The chancellor must end a tax on public electric car charging in the Spring Budget to ensure sales of electric vehicles keep pace, a slew of carmakers and energy companies have warned.

An open letter to the Treasury, led by campaign group Faircharge and signed by the likes of JLR, Stellantis and EON, has warned EV drivers are being “unfairly disadvantaged by outdated, higher rates of VAT.”

Electric vehicle drivers who can charge at home pay just five per cent VAT on their energy bill, under current policy. But those without driveways are reliant on public charge points, which are subject to the full VAT rate of 20 per cent.

According to a survey by Auto Trader last year, close to a third of consumers cited the expense of public charging as a “key barrier” to owning an EV.

Auto Trader’s research estimates drivers charging EVs at home could save £865 annually compared to internal combustion engine models, but if they relied on public charge points it would cost around £264 more.

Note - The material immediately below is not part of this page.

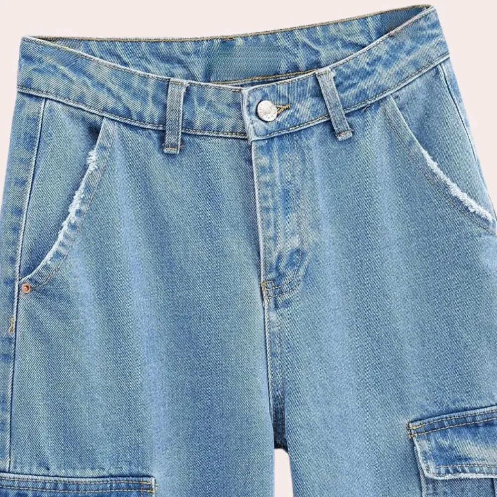 Ontdek Mailani Stijlvolle Denim Cargo Broek voor Dames – een unieke combinatie van praktische details en een casual look. Deze broek biedt de veelzijdigheid van een cargobroek, met een stijlvol denim accent.

Quentin Willson, the motoring journalist and founder of Faircharge, said: “If the Government is serious about wider EV adoption, they must revisit this out-of-date VAT legislation – written in the early 1990s before the arrival of electric cars – and make it fit for purpose.

“The cost to The Treasury would be very small compared to the hundreds of billions spent supporting fuel duty, but the benefit to EV drivers without private parking and to urban air quality would be significant and remove this unnecessary barrier to EV adoption.”

Ian Plummer, commercial director at Auto Trader: “It is simply unfair that EV owners without driveways should have to pay more for the privilege of improving air quality. It’s time for the Treasury to address this injustice and give electric vehicles the best chance of widespread adoption, rather than remaining the preserve of the wealthy.”

Other signatories of the letter to Hung ahead of the Spring Budget include the EV trade body ChargeUK, Polestar, Greenpeace and advocacy group the Campaign for Better Transport.

It comes after a string of warnings from the automotive sector that EV sales growth has started to soften.

The Office for Budget Responsibility halved its forecast sales up to 2027 in November, citing high prices and interest rate hikes as key barriers to sales.

Last week, the chief executive of Polestar, the carmaker dubbed ‘Europe’s Tesla,’ said drivers “scared of change” was hampering uptake.